Dan, hei, kejutan terhebatnya, aku baru sadar setelah sekian belas menit di puncak: "Ini puncak pendakian PERTAMA sepanjang 23 tahun ini!" dan WOW, puncak pertamaku Ciremai, sodara-sodara!


***

Dan setelah pengakuanku bahwa ini adalah puncak pertama, inilah pengakuan teman-temanku.

Saat aku memutuskan ikut, mereka tidak yakin akan mampu mendaki sampai puncak.

Aku tertawa. Setelah reputasiku di Gunung Geulis, siapa juga yang akan percaya aku bisa naik Ciremai. Secara, di antara 3 perempuan yang ikut itu, aku yang fisiknya paling bontot, plus paling lemah.

Gunung tertinggi, medan yang kata mereka berat (Apa ya namanya? Tanjakan Asoy? :D ), juga takhayul yang beredar..(well, ada yang gangguin kita juga sih di sana, tapi awalnya kukira babi hutan, ternyata temanku bilang makhluk halus..Wallahu'alam).

Satu-satunya keberuntunganku hanya ketidaktahuanku tentang apapun, berikut ketidakyakinan mereka.
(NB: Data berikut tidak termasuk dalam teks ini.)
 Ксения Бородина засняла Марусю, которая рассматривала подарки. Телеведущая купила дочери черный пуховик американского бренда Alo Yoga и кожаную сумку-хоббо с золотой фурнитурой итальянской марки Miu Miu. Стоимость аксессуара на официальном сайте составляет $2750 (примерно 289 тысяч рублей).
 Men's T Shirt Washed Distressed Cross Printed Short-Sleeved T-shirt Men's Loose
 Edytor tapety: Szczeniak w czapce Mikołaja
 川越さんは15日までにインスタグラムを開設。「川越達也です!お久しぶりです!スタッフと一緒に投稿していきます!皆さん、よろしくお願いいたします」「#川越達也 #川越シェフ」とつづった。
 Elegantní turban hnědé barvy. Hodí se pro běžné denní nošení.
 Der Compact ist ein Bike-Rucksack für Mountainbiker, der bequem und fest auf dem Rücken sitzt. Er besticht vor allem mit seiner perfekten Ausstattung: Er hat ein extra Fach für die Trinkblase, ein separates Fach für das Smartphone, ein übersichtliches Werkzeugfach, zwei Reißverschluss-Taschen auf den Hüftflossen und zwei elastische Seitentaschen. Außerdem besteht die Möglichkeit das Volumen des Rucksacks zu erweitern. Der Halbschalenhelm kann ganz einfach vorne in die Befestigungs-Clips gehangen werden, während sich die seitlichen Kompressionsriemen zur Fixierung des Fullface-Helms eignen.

Satu-satunya keberuntunganku hanyalah aku hanya tahu berjalan.

***

Ah...sering kali hidup memang tidak perlu tahu banyak hal, seperti Tuhan yang menyembunyikan banyak hal.
Tuhan katakan: tidak perlu bertanya, jalani saja semuanya, ya perintahNya, ya laranganNya...seperti cara kita meyakini alif lam mim...
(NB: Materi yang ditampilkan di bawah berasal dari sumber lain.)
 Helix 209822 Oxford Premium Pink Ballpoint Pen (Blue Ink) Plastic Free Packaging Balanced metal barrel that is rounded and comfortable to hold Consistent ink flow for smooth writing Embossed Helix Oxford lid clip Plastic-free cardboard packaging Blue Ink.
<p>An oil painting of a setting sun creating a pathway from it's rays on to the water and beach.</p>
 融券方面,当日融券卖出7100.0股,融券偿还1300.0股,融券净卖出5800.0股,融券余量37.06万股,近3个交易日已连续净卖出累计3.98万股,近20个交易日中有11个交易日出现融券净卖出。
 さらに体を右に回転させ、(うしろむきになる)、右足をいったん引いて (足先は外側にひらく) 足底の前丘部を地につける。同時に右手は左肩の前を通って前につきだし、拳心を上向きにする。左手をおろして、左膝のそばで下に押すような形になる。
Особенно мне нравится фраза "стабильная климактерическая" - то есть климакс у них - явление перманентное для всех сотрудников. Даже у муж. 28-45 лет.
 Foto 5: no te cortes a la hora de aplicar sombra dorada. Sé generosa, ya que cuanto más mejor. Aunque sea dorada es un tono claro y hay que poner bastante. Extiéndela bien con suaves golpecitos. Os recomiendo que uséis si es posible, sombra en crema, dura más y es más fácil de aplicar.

Sehingga, ketika menempuh jalanNya kau tidak akan sedikitpun merasa takut.

Karena satu-satunya jalan menunju padaNya, toh, sudah Dia tentukan. Ketakutan kita tidak akan membuatNya menciptakan jalan lain.


Jakarta, 9 Oktober 2012, 21.39
..aku senang..saat tidak ada satu pun di atas ku selain langit..
Nah kan...lagi-lagi menulis yang bukan ingin kutulis..Zzzz

Monday, February 25, 2013

Senja yang Getir


Menghadapi masa senja itu seberapa getirnya? Jelas pertanyaan ini hanya bisa ku jawab saat menghadapi masa senja nanti. Itu pun, kalau memang sampai waktu ku ke sana. Apakah sama dengan getirnya orang-orang yang takut pada kematian saat menghadapi senja? Bertanya-tanya, apakah esok pagi aku masih akan membuka mata?
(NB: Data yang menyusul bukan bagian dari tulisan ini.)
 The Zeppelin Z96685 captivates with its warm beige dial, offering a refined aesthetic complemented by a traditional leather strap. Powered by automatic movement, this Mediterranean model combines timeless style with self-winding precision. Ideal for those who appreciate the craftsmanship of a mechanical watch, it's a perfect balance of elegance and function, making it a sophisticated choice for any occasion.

Ah, begitu rupanya. Masa muda, masa senja, bagi yang selalu ingat mati, tidak akan ada bedanya.

***
Pada setiap senja yang getir, alam selalu mencoba menggetarkan hati atas kematian. Seberapa membatu hatiku hingga tidak merasakan apa pun?

Kau tahu, Ayah, ada senja yang lebih getir.

Senja saat aku tahu bahwa kematian bisa datang kapan saja, tetapi sama sekali tidak ketakutan. Iman macam apa ini?

Sekali dua kadang aku terguncang, setelah itu hilang. Setan kah yang menenangkanku, Ayah? Aku, berkali-kali, mengutuk diri...sungguh getir.